Author: Regan Bozman, Partner at Lattice Capital; Translation: Jinse Finance xiaozou
Why is this cycle so painful and everyone is so distressed? We can attribute all the problems to the fact that retail investors can no longer make any money under the current market structure. This article will bring some unsystematic ideas around returning to the basics.
Why is it difficult for retail investors in this cycle? The answer is very simple: because "transactions" like infrastructure tokens will no longer increase 500 times in the crypto market. And now there is a more interesting playground not far from us, with better memes.
We are actually reproducing what happened in the VC/IPO market.
In these markets, companies stay private longer, which means that more of the upside is "private" (such as VC funds) and retail investors can't touch it at all.
Crypto has been turning this around and democratizing access to asymmetric upside. But now it’s changed! L1 and L2 are raising much more money from VCs! Without public token sales, VCs are making a lot of money and retail investors are suffering. Maybe the collapse of retail investors’ dreams in this cycle is not so surprising.
A big reason companies are staying private longer is that VC funds are 5x larger than 10 years ago. Companies can now raise over $1 billion in private markets while avoiding the overhead associated with public markets.
As expected, the same trend is also happening in the crypto VC field - the scale of crypto VC funds is much larger than five years ago.

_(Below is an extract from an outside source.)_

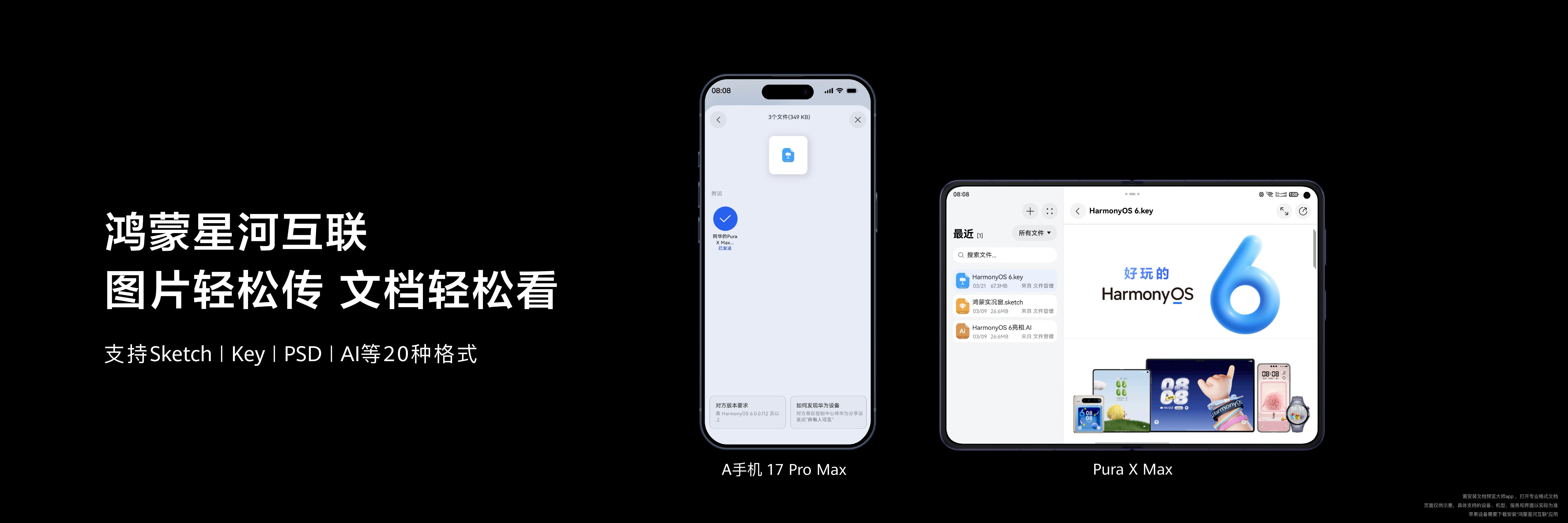 跨设备图片轻松传,文档轻松看:通过鸿蒙星河互联,iOS设备的图片和文档可以轻松分享给华为Pura X Max等鸿蒙终端设备,支持通过文档预览大师App打开Sketch、CAD等20种专业格式,解决了跨设备、跨格式文件查看和传输的难题。

Crypto should have solved this problem! ICOs were designed to democratize capital formation and thus venture returns. They have completely succeeded in doing that… unless you are lucky enough to have a US passport.
ETH was 30 cents at the time of the 2014 ICO, and is now worth $3,000. That’s a 10,000x return in 10 years, easily beating any venture capital investment during that time. Anyone in the world can participate, which is awesome
Now that the industry is clearly growing, the entry price has naturally increased, but the opportunity has not disappeared. SOL was launched at $0.22 in 2020, and 4 years later, it’s $140, a 636x return over 4 years, which probably also beats almost all venture capital returns in the past five years.

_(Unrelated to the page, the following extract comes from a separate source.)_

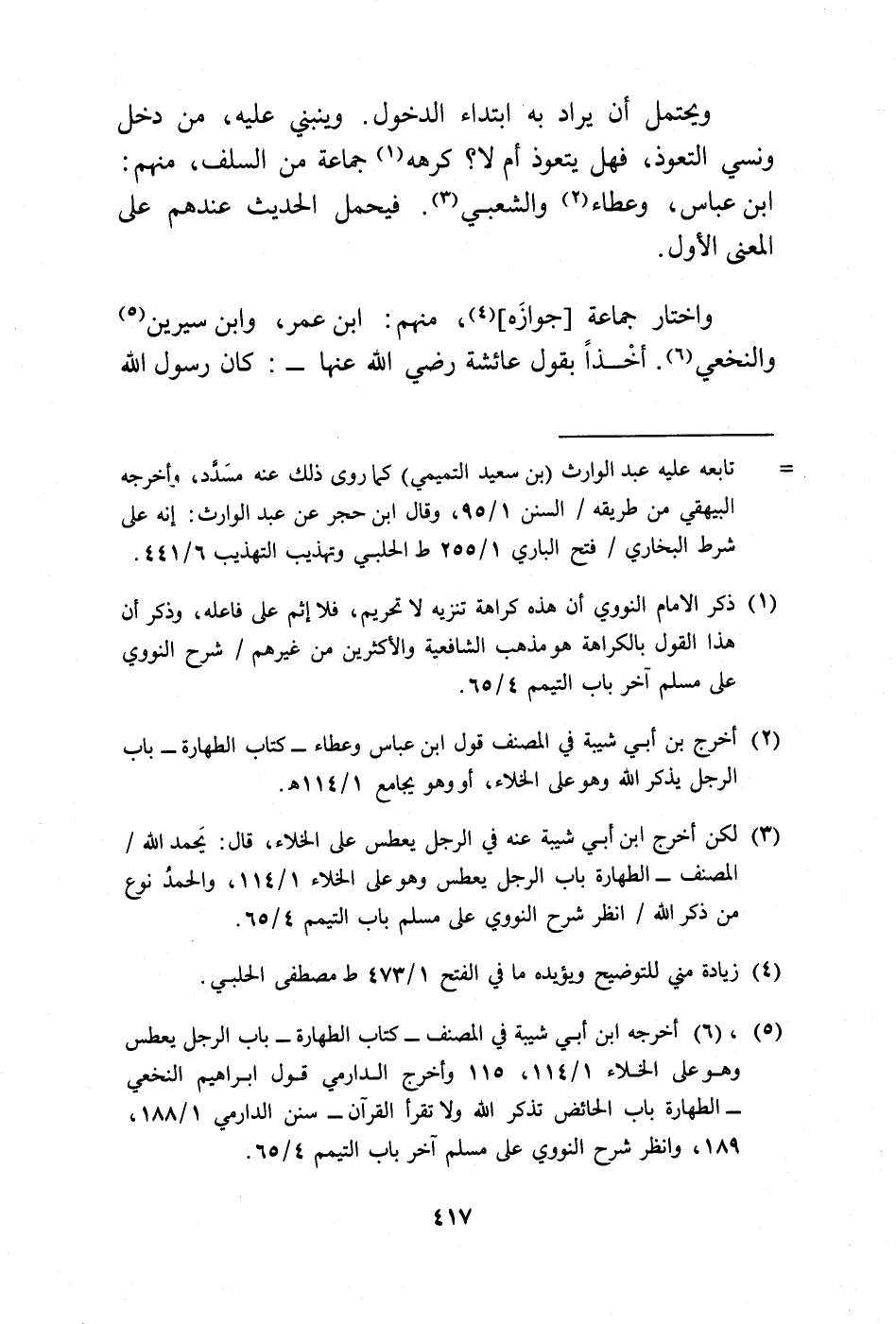 (¬5) أخرجه ابن أبي شيبة في المصنف - كتاب الطهارة - باب الرجل يعطس وهو على الخلاء 1/ 114، 115 وأخرج الدارمي قول ابراهيم النخعي - الطهارة باب الحائض تذكر الله ولا تقرأ القرآن - سنن الدارمي 1/ 188، 189، وانظر شرح النووي على مسلم آخر باب التيمم 4/ 65.

We have moved away from this market structure this cycle. Now, the chances of retail investors buying pre-launch tokens or buying tokens at low prices on the open market are close to zero.
Airdrops are definitely an improvement over the existing risk model, where early users have no economic advantage. But it is a worse financial transaction than a token sale because you can only make so much from an airdrop.
The original uncapped upward market has brought us to the market cap, and how huge the transactions during this period must be. In the last cycle, the SOL ICO with an investment of $1,000 has now become $636,000. In this cycle, the Eigen with an investment of $1,000 can only become $1,030. Even if it grows 10 times, it is only $10,300.
In the last cycle, you controlled your own destiny, but in this round, you are waiting for the charity of Eigen's father.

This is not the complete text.